"Angels can fly because they take themselves lightly." – G. K. Chesterton

Archive for the ‘Technology’ Category

Chesterton on my previous post

It’s not at all unusual for me to come up with a point that I find quite witty and profound only to recall a bit later that Chesterton made the same point a century ago.  Such is what happened with yesterday’s post concerning how the technology that seems to be just around the corner often turns out to belong to the past.

We, who have lived long enough to understand the real value of life, know perfectly well that nothing of that sort has ever come to stay.  It may do all sorts of other things; but there is one thing that it cannot do; and that is to stay.  We shall show no irritation, please God, on being repeatedly introduced to the Hat of the Future and the Umbrella of the New Age and the Goloshes of the Good Time Coming.  But the only thing we really have learnt from life is that the good time will be going as well as coming, and that, in the book of fashions, the Hat of the Future will be recorded as the Hat of the Past.  It is now the custom to condemn youth as too frivolous.  But youth is always serious; and just now it is too serious about frivolity.

– G. K. Chesterton, Come to Think of It

The past’s future

I just read an article in the New Yorker about Jaron Lanier, whose book You are Not a Gadget is making some mid-sized waves in the world of ideas.  In the interests of full disclosure, I haven’t read the book, but I have read similar things such as The Shallows by Nicholas Carr.  The point of both books is to examine how the internet is reshaping our society and our individual lives.  As you might guess from the titles, neither author is much impressed by it.  They point to a number of problems: shorter attention spans, less memory, the anti-intellectual tendencies of Wikipedia.

But while Carr is mostly intent on ticking off problems, Lanier has a multi-faceted approach.  He’s at pains to not appear anti-technology overall, and he has the credentials to back it up.  He was actually a pioneer in engineering many high-tech gadgets and gizmos.  One of these is virtual reality.

And what, I hear the under-20 set asking, is virtual reality?  Well, there’s the thing.  Back in the recent past, virtual reality was a new fad that was supposed to sweep the world in the near future.  The basic idea is that you put on a special helmet and gloves, so that from the outside you look like this:

Inside the helmet are two screens right in front of your eyes.  The helmet and the gloves both have sensors, and the purpose of it all is to let you inhabit an immersive three-dimensional world, including the possibility of you moving around in it.

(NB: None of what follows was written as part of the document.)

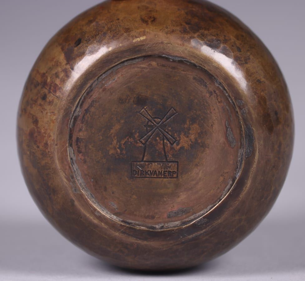 - Dirk van Erp Hammered Brass Cabinet Vase c1911-1912

When I was about eight or nine, all the kids’ science magazines were full of articles about the soon-to-arrive greatness of virtual reality.  It never arrived in a commercial viable way, and the New Yorker article explains why.  The helmet was too clunky, the sensors and the software didn’t work fast enough, and the lag time made the whole experience unconvincing.  The whole thing is just a reminder of the fact that while we love to make predictions about technology, most of them simply don’t come true.  Which of the current trends won’t play out as they’re expected?  I don’t know, but I’m betting that it’s going to be most of them.

Technology is cool

We live in a time of rapid technological change.  The fact is so obvious that many of us fail to notice it most of the time.  But even if we’re dimly aware that new technologies are becoming available all the time, we generally don’t notice the most useful and advantageous aspects of those technologies.

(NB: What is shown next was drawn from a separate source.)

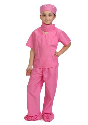 Pink Doctor Scrubs Girls Costume - This costume includes Shirt, Pants, Cap, Surgical Mask, Shoe Covers, Short sleeved V-neck pink, shirt has a pocket in the front and Velcro closure in the back, Pants and shoe covers feature an elastic band for comfortable fit, Mask and Cap top off the costume, Also available in Blue and Pink, Set is packaged in a deluxe zipper sealed garment bag for easy carrying and storage..

Case in point: if you’re twenty-five or older. you may remember these:

For the young ‘uns, let me explain.  This is a five-and-a-quarter-inch floppy disk.  In the 1980’s and early 1990’s most computers did not have hard drives.  If you wanted to store your data, you stored it on one of these.  Each one held 360 kilobytes of data.  It was called a floppy disk for  a reason.  The material was not stiff, but bent easily.  If you bent it too much, you destroyed the disk and lost the data.  If you touched the film, you destroyed the disk and lost your data.  If you got it wet, or brought a magnet close to it, or let it get too hot or too cold, you lost your data.

Eventually, they were replaced by these:

Three-and-a-half inch disks were stiffer, more durable, and held 1.44 megabytes of data.  However, they could still be damaged.

Nowadays, thankfully, we have flash drives.  A flash drive holds thousands of times as much data as a floppy disk, and has other advantages as well, as I just found out this past week.  On Tuesday I carelessly left my flash drive in my pants pocket, put the pants into the dirty laundry pile, and put the pile into the wash.  The pants, with the flash drive still in the pocket, spun around the washing machine for about half an hour while being immersed in hot and then cold soapy water.  Afterwards I took the pants out and hung them up to dry.

On Thursday I suddenly noted that the flash drive was missing.  I searched frantically until I found it in my pants pockets, at which point I took it out and connected it to my laptop.  The flash drive still worked and, as far as I can tell, all of my files are intact.  Now that’s what I call advanced technology.